Y Hugo ahí. Sembrado en la acera
desgastada de ese concurrido sector capitalino, a contracorriente de las
inclemencias climáticas, los peligros y adversidades de una de las ciudades más
peligrosas de Latinoamérica, 41 de sus 73
años recién cumplidos.
Por estas fechas, clientes de varias generaciones les llevan sus relojes para sincronizar sus cronómetros, puntuales a la hora de recibir un nuevo año.
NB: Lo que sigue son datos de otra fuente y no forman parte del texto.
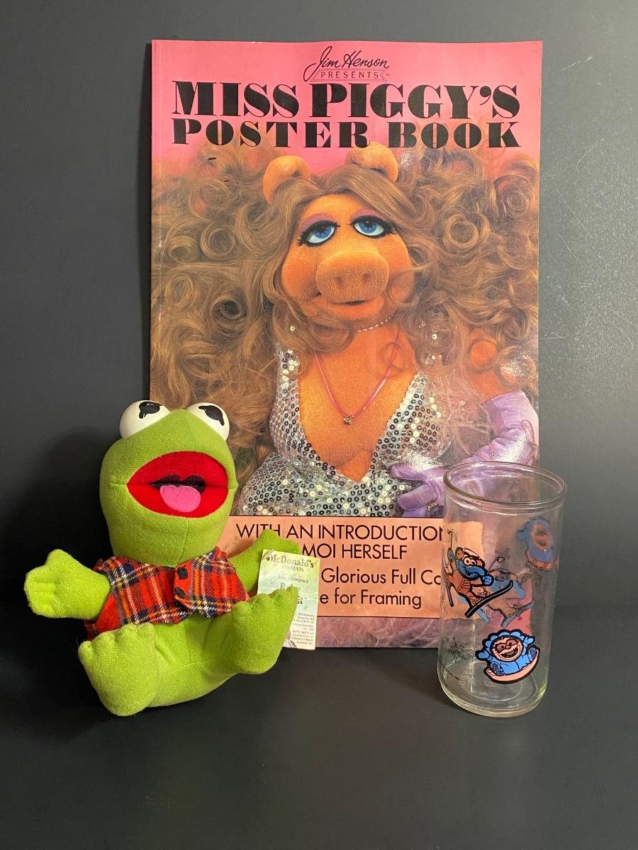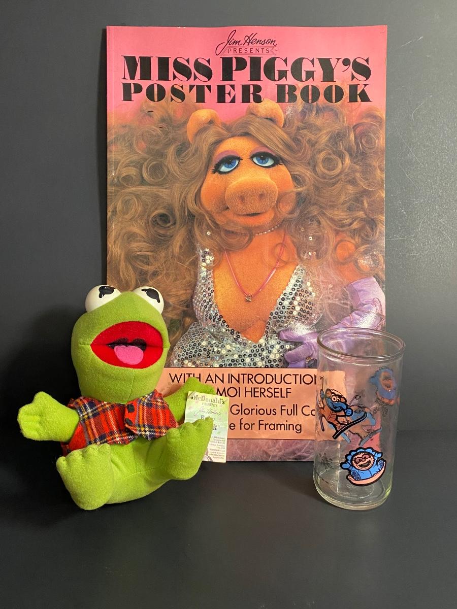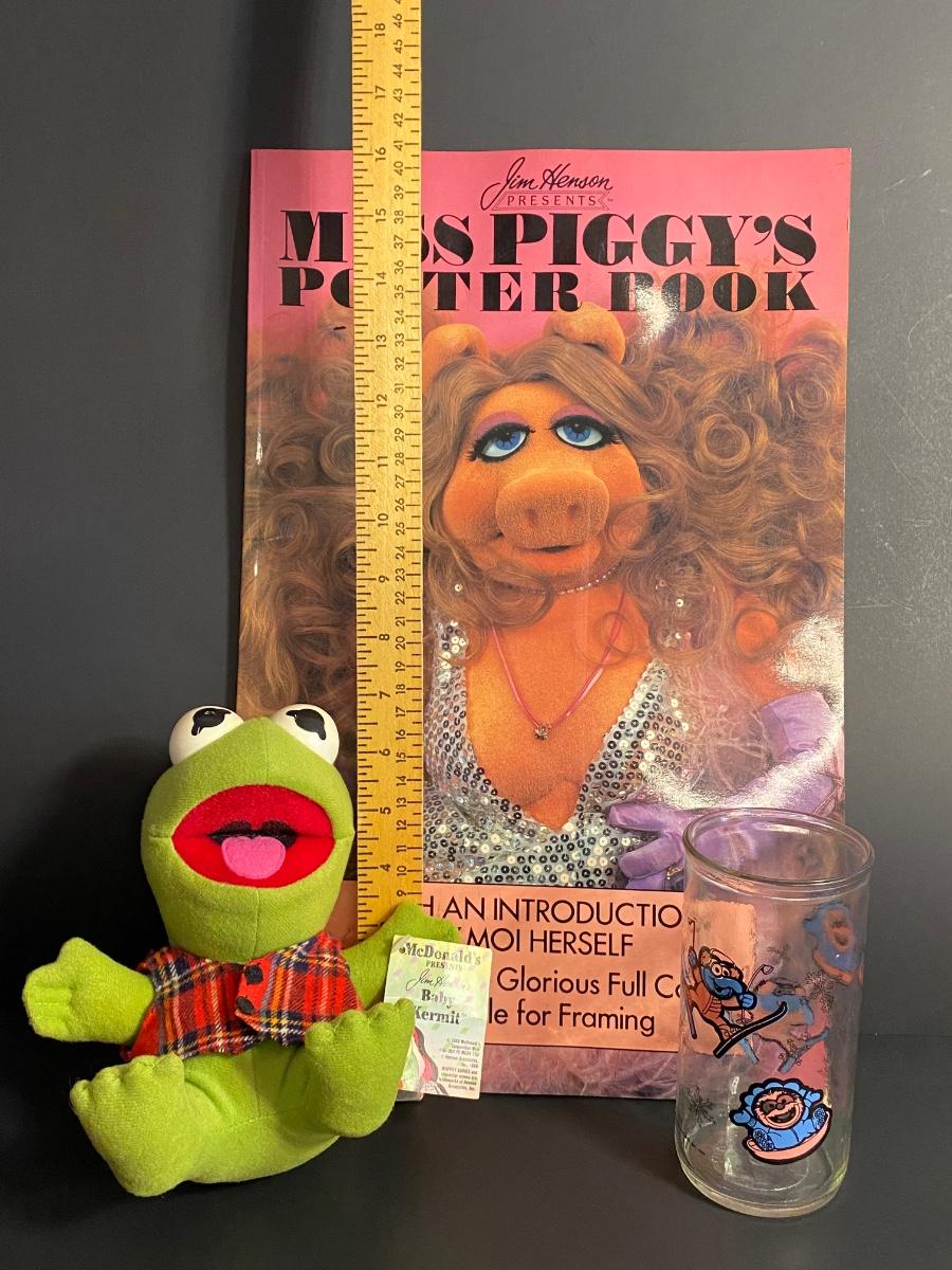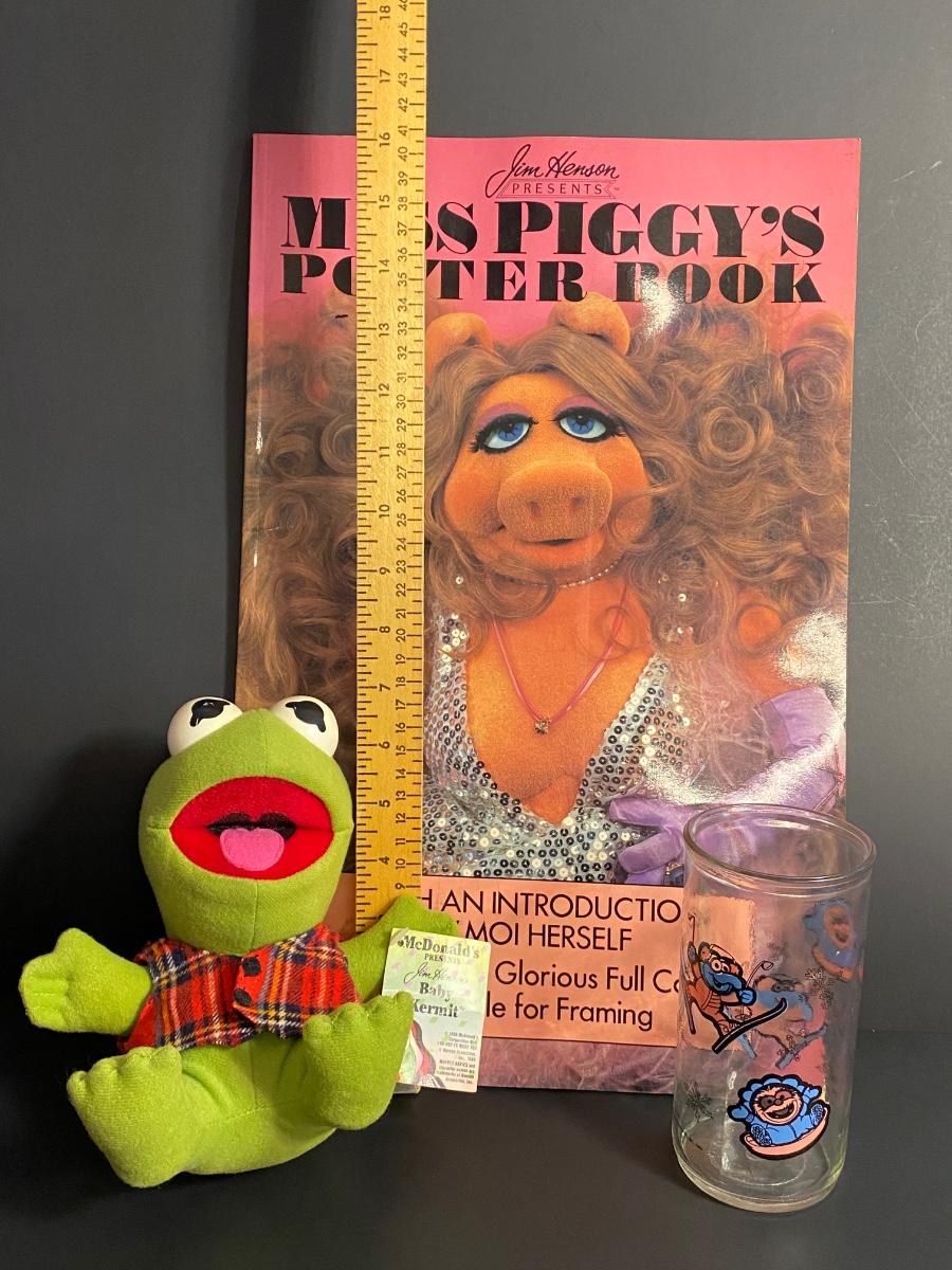 Miss Piggy poster book filled with large colorful prints. Muppet baby Kermit plush doll and 1989 Gonzo glass. Please see all pictures as they are the best representation of the items. The pictures show condition, measurements if taken, and what is included in the lot. Due to the large amount that we photograph and the time frame, we are not always able to take measurements. All items unless noted, are pre-owned and have been used. If you purchased furniture, you must bring help. We do not allow one person to carry large furniture out on their own. Any damage to the walls, floors, or property is the buyers responsibility to fix, and the damage will be noted and you will charged for repairs, your bidding constitutes your understanding of these terms. Bring help, tools and a truck for the safety of our client’s homes, and your personal safety. Company policy. Thank you.

Foto: La Pluma & La Herida |
Justamente
por estos días de fin de año, el escaparate de José Humberto González -Hugo por la unión de las dos primeras
sílabas de su segundo nombre y su primer apellido, así lo conocen-, vive
atiborrado de personas que les llevan sus relojes para que les cambie de pila,
les haga los ajustes y reparaciones de rigor, y les precise la hora, ni un
segundo más, ni un segundo menos, al filo de la media noche del 31 de diciembre, por esa neurosis
colectiva de recibir con exactitud el venidero.
Clientes de
muchos años, de varias generaciones, que él ha visto desfilar en todo este
tiempo, que por honestidad, experiencia y porque les sale más cómodo
económicamente, les confían sus relojes, algunos finos, de marca, que él guarda
celoso en una tarro de galletas, por si se le agota la jornada, para reparar
por la noche en casa.
Esto podría
despertar la envidia y la rivalidad de los viejos relojeros de establecimientos
a lo largo de la calle 17, que por el cambio de una pila cobran entre $5.000 y $8.000, mientras que Hugo
hace la misma labor entre $4.000 y $5.000. Igual las tarifas
proporcionales de las reparaciones.
González exhibe orgulloso el diploma que el periódico El Tiempo le concedió hace años por su aporte como teatrero comunitario en brigadas de salud. Foto: La Pluma & La Herida |
Pero ni por
esas: El colegaje lo trata con amabilidad y confianza, jamás ha habido con él
un síntoma de competencia insana o de reproche, así el bueno de Hugo no sepa qué es pagar un día de
arriendo por ejercer su trabajo, salvo el coste del guardadero, como antes llamaban a la bodega que prestaba esos
servicios a los ambulantes en la carrera
9° con calle 16, menos ahora, que le dejan guardar sus corotos de relojería
en un centro comercial cercano.
González desconoce de la analogía del relojero
formulada en 1802 por el filósofo y
teólogo británico William Paley, que
plantea que el complejo mecanismo del interior de un reloj es apenas comparable
con el funcionamiento del cuerpo humano y su relación con el universo, y que
esa asombrosa confluencia en el tiempo, el espacio y el infinito, no puede ser
tomada al azar, sino que sustenta un argumento teleológico inspirado en un
diseñador inteligente, capaz de crear un dispositivo maravillosamente preciso.
Distante de
esas sesudas fracciones metafísicas, lo de Hugo
es dar con el daño o la falla de sus engranajes dentados, de su solenoide o
bobina, del espiral o de la minúscula áncora, de las ruedas marcantes de horas,
minutos y segundos; de las coronas del calendario, y de esas diminutas piezas
que sólo se pueden ver a través de un ojo de venado (u ojo de relojero), y que
él con pulso impecable agarra con pinzas de cirujano, desde la época de los
relojes de cuerda, de los automáticos, que según él no fallaban un trazo por la
calidad y la garantía de sus fabricantes suizos; capítulo aparte de unos años
para acá con la revolución de los relojes chinos de pila electrónica, y las
imitaciones de los mismos que despachan por millares a precio de huevo.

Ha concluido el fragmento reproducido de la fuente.